Croatia became part of the Roman Empire in the first Century BC. In 379, it became part of the Eastern Roman Empire. In the sixth century the Croats, who are believed to be a purely Slavic people, migrated from Ukraine and settled in present-day Croatia. In 822, the first state of Croatia was founded. In 1102 Hungary conquered Croatia and a personal union with Hungary was established. In 1526, the Ottoman Empire conquered the area. In 1868 Croatia gained domestic autonomy under Hungarian authority as the Ottoman Empire began to collapse.
After the collapse of Austria-Hungary, Croatia joined Serbia and Slovenia into the State of Slovenes, Croats and Serbs. In 1929, the country was renamed, The Kingdom of Yugoslavia. As a result of the German occupation of Yugoslavia, Croatia was created as an 'independent' state, a German puppet state and named the Independent State of Croatia. It was re-incorporated after the war into Yugoslavia. In 1945, Yugoslavia became a communist dictatorship, led by Joseph Tito. The communists reorganized Yugoslavia in 1963 into a federation of republics. When Tito died in 1980 he was succeeded by a collective presidency.

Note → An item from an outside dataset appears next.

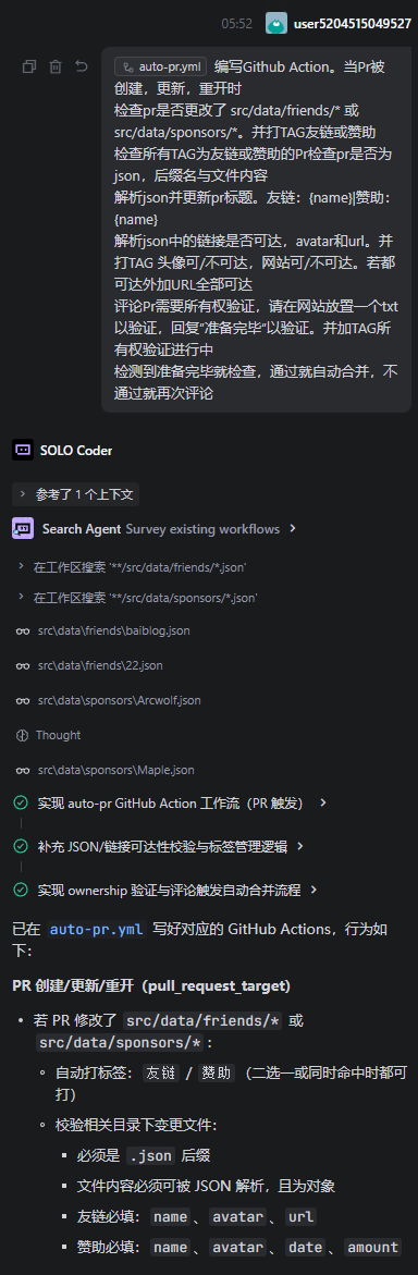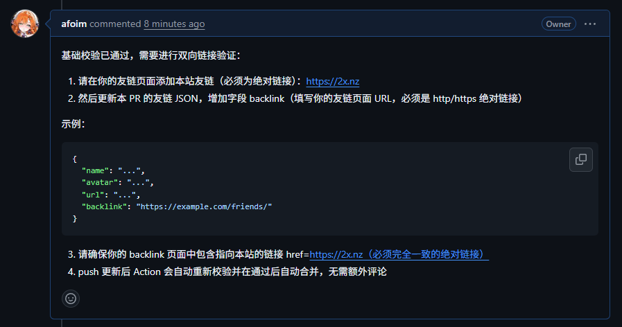 思路是这样的:让用户在提交友链时额外填写一个回链字段,然后由 GitHub Action 实际检测是否存在回链。这样不仅能确认对方确实添加了你的友链,也能顺便完成一次所有权验证。

In 1989 riding a wave of nationalist sentiment, Serbian president Slobodan Milosevic took power. In 1991, after a referendum, Croatia became independent. Conflict between Serbs and Croats in Croatia escalated and one month after Croatia declared independence, civil war erupted. In 1993 Croatia regained one-third of the territory lost the previous year. By 1995 all Croatian territory was taken back and the war ended with an independent Croatia.